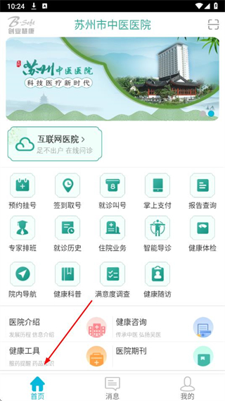 1、打开苏州市中医医院APP首页,点击预约挂号,进入预约挂号页面。
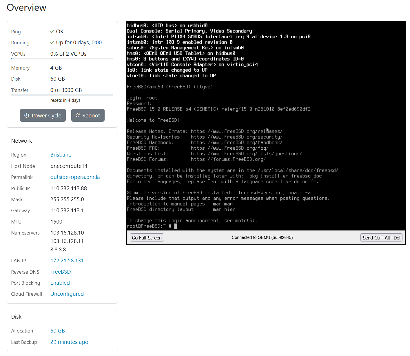 Install FreeBSD 15 on your BinaryLane VPS using the BYO (Bring Your Own) Operating System feature with UEFI enabled. This guide walks through the full process from server creation to the first successful login.
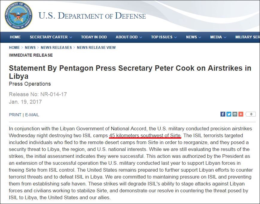 Statement by @PentagonPresSec regarding the #US airstrike in #Libya- main kicker is proximity of established #ISIS camps to #Sirte
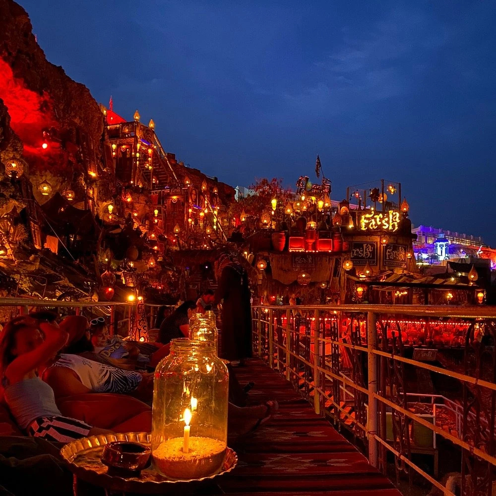 Це місце в районі Хадаба — найбільш «інстаграмна» локація курорту. Кафе врізане у скелю над морем, «завалене» вінтажними лампами, килимами та антикваріатом.

- _Exercise instructions_: Return a verbatim transcription of the data, omitting all images.

- _Result of this task_:
 1、打开苏州市中医医院APP首页,点击预约挂号,进入预约挂号页面。
 Install FreeBSD 15 on your BinaryLane VPS using the BYO (Bring Your Own) Operating System feature with UEFI enabled. This guide walks through the full process from server creation to the first successful login.
 Statement by @PentagonPresSec regarding the #US airstrike in #Libya- main kicker is proximity of established #ISIS camps to #Sirte
 Це місце в районі Хадаба — найбільш «інстаграмна» локація курорту. Кафе врізане у скелю над морем, «завалене» вінтажними лампами, килимами та антикваріатом.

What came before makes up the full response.